Isambard Kingdom Brunel is associated with the SS “Great Britain ” in Bristol ,
the Royal Albert
Bridge at Saltash, the Box tunnel near
Bath , the Maidenhead Viaduct, and designing the Clifton Suspension Bridge , but in Loughor,
Landore and Llansamlet this area has examples of the great Victorian engineer’s
work.
A wooden railway bridge was built over the river Loughor and opened in 1852
to carry the broad gauge line of the South Wales Railway from Swansea
through to Carmarthen . This became the last remaining timber viaduct
designed by Brunel, whose other timber bridges had been gradually replaced by
masonry. Loughor’s bridge was 750ft long
with a 40ft opening swing bridge at the Swansea
end, and seventeen fixed spans. It was
on timber piles driven 14ft into the riverbed, with the
piles arranged in groups of three, across the width of the viaduct. A mixed-gauge
track was laid, being broad gauge for the South Wales Railway and standard
gauge for the Llanelly
Railway. The SWR converted to
standard gauge in 1872, so when the viaduct was first rebuilt in 1880 both
tracks were laid to standard gauge.
Major rebuilding was also carried out between 1908 and 1909, when the
swing bridge (unused since 1887) was removed.

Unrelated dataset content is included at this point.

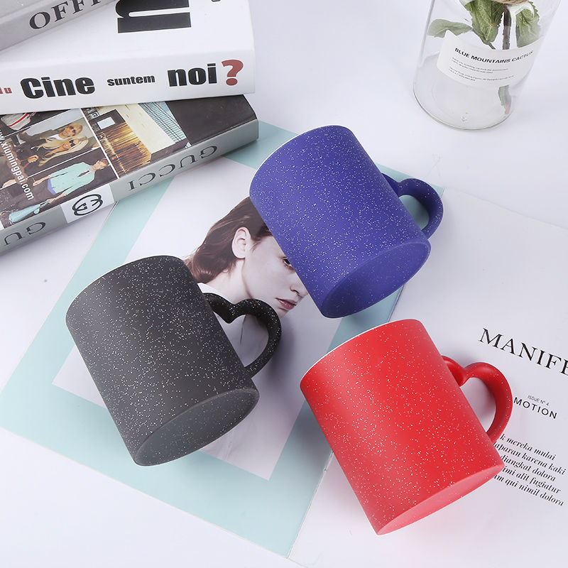Heat transfer ceramic wholesale color change cup coating impression of cup Mark cup heart shape stars air color change cup

With the re-doubling of railway tracks between Cockett West Junction and
Duffryn West Junction, in 2013 Network Rail replaced the viaduct with a modern
railway bridge, but did relocate part of the old grade 2 listed structure onto
railway land just to the west.
The Landore viaduct had been built from 1847 to 1850 to enable the South
Wales Railway to cross the canal and the river Tawe to reach Swansea .

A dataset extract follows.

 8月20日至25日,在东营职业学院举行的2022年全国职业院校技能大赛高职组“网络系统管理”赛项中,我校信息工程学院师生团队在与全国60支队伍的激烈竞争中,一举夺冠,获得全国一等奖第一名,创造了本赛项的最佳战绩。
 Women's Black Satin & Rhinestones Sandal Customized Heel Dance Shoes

The arrival of the train from Chepstow at Swansea ’s High Street Station in June 1850
was an occasion for much celebration, with speeches from Brunel and local
dignitaries during a banquet in a marquee especially erected on the
Burrows. That site was later excavated
for Swansea ’s
second dock, the South Dock (now the Marina), which opened in 1859, the year
Brunel died aged 53.
Landore was Brunel’s longest viaduct, originally 1,788ft (a third of a
mile) long, with thirty-seven spans, and built of Canadian pitch pine. Forty years later its length was
substantially reduced by building up an embankment on the eastern side of the
valley with slag from the nearby Hafod copper works, and replacing many
original timber piers with masonry. But
near Neath Road stand four masonry piers, each pierced with two arches, which
are part of Brunel’s original design.
At Llansamlet where the railway line passes through a cutting there was
danger of land slippage from old mine workings.

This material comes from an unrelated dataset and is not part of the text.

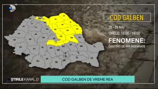 „Ploile pun stăpânire pe mai multe județe din țară. Meteorologii au emis o atenționare cod galben de cantități însemnate de apă, ce vizează cea mai mare parte a Moldovei, estul Transilvaniei, Carpații Orientali și jumătatea de est a Carpaților Meriodinali. În aceste zone vor fi perioade cu averse, iar în intervale scurte de timp, cantitățile de apă acumulate vor fi de 25-30 de litri pe metru pătrat, chiar și de 45 de litri pe metru pătrat pe alocuri. Codul galben intră în vigoare astăzi, la ora 16:00 și este valabil până mâine la aceeași oră”, a transmis Cristina Dorobanțu.

Brunel countered this with four “Flying Arches” to hold back the cutting
through which the line passes. These
span 70ft from the sides of the cutting; the design and weight of the arches,
with heavy copper slag on top of each masonry arch, is sufficient to resist the
thrust of the side.
There is also a local link to one of Brunel’s three innovative steam
ships. SS “Great
Britain ” was the second of these, the first iron-built
ocean-going ship with a screw propeller, now restored in its dry dock in Bristol . But even that was eclipsed by his final
nautical project - the huge PSS “Great Eastern”, which was beset with problems
during construction at Millwall and in attempting to launch her sideways in
1858. As a luxury transatlantic liner
she was a commercial failure, yet her most productive use was laying
transatlantic telegraph cables between Europe, America
and India .
The Swansea connection is that copper
merchant Henry Bath’s company diversified into ship-breaking, and in 1889-90
dismantled Brunel’s giant paddle steamship using a wrecking ball at Rock Ferry,
Birkenhead , on the Wirral. It took over 18 months, with just the top
mast surviving as the flagpole at the Kop end of Liverpool ’s
Anfield football ground: sadly not at the Liberty Stadium!